Step 1: Access the Copy Trading Leaderboard
Navigate to the "Copy Trading" section in the MEXC app or web platform. You will see a ranked list of lead traders with their key performance metrics displayed.
Step 2: Filter Beyond ROI
The default sort is usually by total ROI or recent ROI. This is the worst way to select a trader. Here is why: a trader who made one high-leverage bet that happened to work shows a spectacular ROI. That tells you nothing about their consistency or risk management.

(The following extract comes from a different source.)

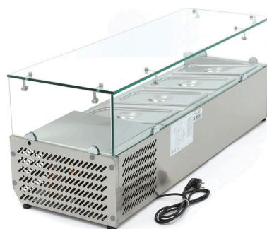
Static cooling with foamed evaporator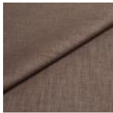
Fabric Lido 68 Dust 10 1017181

Instead, filter and evaluate using these metrics:
Win Rate (aim for 60%+): A win rate above 60% indicates consistent decision-making. Below 50% means the trader loses more often than they win, and their average winning trade needs to be significantly larger than their average losing trade to be profitable. Both approaches can work, but higher win rates are more psychologically comfortable for copy followers.

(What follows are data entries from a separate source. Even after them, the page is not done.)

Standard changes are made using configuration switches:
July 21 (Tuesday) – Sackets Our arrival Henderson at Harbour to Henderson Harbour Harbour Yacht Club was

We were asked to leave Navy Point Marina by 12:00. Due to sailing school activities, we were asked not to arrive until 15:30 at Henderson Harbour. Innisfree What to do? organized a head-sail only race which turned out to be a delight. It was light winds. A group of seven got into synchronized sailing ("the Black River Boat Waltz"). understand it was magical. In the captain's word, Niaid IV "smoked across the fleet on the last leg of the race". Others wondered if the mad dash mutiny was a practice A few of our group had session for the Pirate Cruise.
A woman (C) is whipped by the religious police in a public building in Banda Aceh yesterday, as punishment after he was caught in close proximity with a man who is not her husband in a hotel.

Maximum Drawdown (aim for below 30%): This is the largest peak-to-trough decline in the trader's account. A trader with 200% ROI but 70% max drawdown took enormous risks to get there — risks that could easily wipe out a copy follower's capital. I look for traders with max drawdown below 30%, which indicates disciplined risk management.
Trading History Length (aim for 60+ days): Anyone can look like a genius over two weeks. Sixty days gives you enough data to see how the trader performs across different market conditions — trending, ranging, volatile, and calm periods. Traders with only 2-3 weeks of history are too early to evaluate reliably.

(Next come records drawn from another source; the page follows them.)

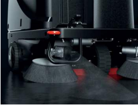
Keeps the dust down Control and containment of dust with the wet misting system insures superior results

Nilfisk, Inc. 9435 Winnetka Avenue North Brooklyn Park, MN 55445 www.nilfisk.us Phone 800-989-2235 Fax 800-989-6566 L3522V_0422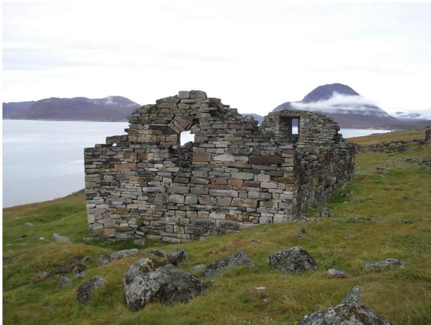
Fig. 4. One of the very last written records giving information concerning the Greenland Norse is to be found in an entry in the Icelandic Annals for 1408. This entry documents the wedding of Sigríður Björnsdóttir and Þorsteinn Ólafsson, both from Iceland. The photograph shows the ruin of Hvalsey church, originally built ca. 1250, where the marriage was solemnized on 16 September 1408. The church is adjacent to the Hvalsey fjord near modern-day Qaqortoq in the Norse “Eastern Settlement” area. Hvalsey means “Whale Island”.

2013). Paralleling this development, woolen cloth fragments show standardization into a legally defined commodity (Hayeur-Smith, 2013).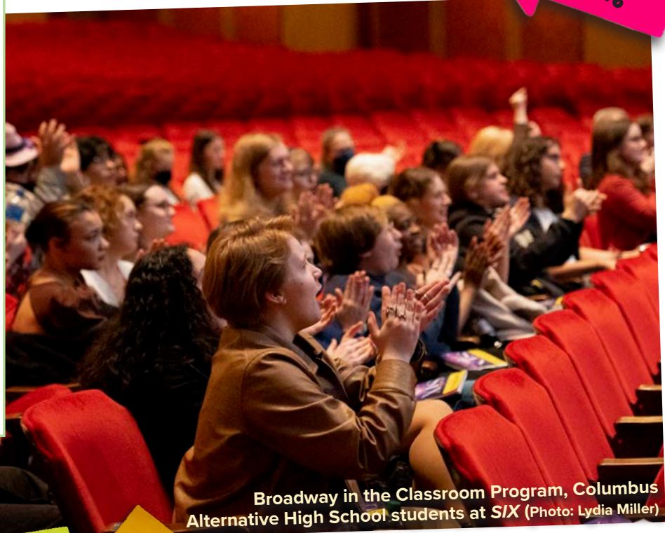
Broadway in the Classroom Program, Columbus Alternative High School students at SIX

Number of Followers (sweet spot: 50-500): Too few followers may indicate the trader is untested. Too many followers can create execution issues — when a lead trader with 5,000 followers opens a position, the aggregate copy orders can move the price, especially on lower-liquidity pairs. I prefer traders in the 50-500 follower range: enough social proof to suggest credibility, not so many that execution becomes a problem.
Average Holding Period: This tells you the trader's style. Scalpers hold for minutes to hours. Swing traders hold for days to weeks. Position traders hold for weeks to months. Match the holding period to your own patience and risk tolerance. Scalpers generate more frequent small gains/losses. Swing traders have fewer but larger moves.
Profit/Loss Ratio: The average winning trade size versus the average losing trade size. A trader with a 55% win rate and 2:1 profit/loss ratio is more reliable than a trader with a 75% win rate and 0.8:1 ratio — the first trader makes more per win than they lose per loss, while the second needs to maintain that high win rate to stay profitable.
Step 3: Check the Equity Curve, Not Just the Number
Click into a trader's profile and look at their equity curve — the graph of their account value over time. What you want to see is a steadily upward-sloping line with modest dips. What you want to avoid is a jagged, volatile line that has one or two massive spikes driving all the returns. A smooth equity curve suggests consistent edge. A spiky equity curve suggests luck or excessive risk.
Step 4: Read Their Trading Style Description
Good lead traders describe their strategy, preferred pairs, typical leverage, and risk approach. Traders who provide no description or just write "trust me, big profits" are red flags. You are about to trust someone with your money — they should be willing to explain their approach, even if just in broad terms.
Step 5: Start Small and Diversify
Never allocate your full copy trading budget to a single trader. I allocate across three traders simultaneously, with roughly equal amounts. This diversification means one bad trader does not destroy your account. Start with a small amount — $50-$100 per trader — and increase only after 3-4 weeks of consistent performance that matches their historical metrics.
Configuring Risk Settings: The Most Overlooked Step
Most MEXC copy trading guides skip this section or treat it as an afterthought. It is the most important section. Your risk settings are the difference between a manageable drawdown and a blown account.
Copy Amount and Position Sizing
When you start copying a trader, you choose your copy investment — the total capital allocated to this copy relationship. This is the maximum amount the system can use for trades copied from this leader.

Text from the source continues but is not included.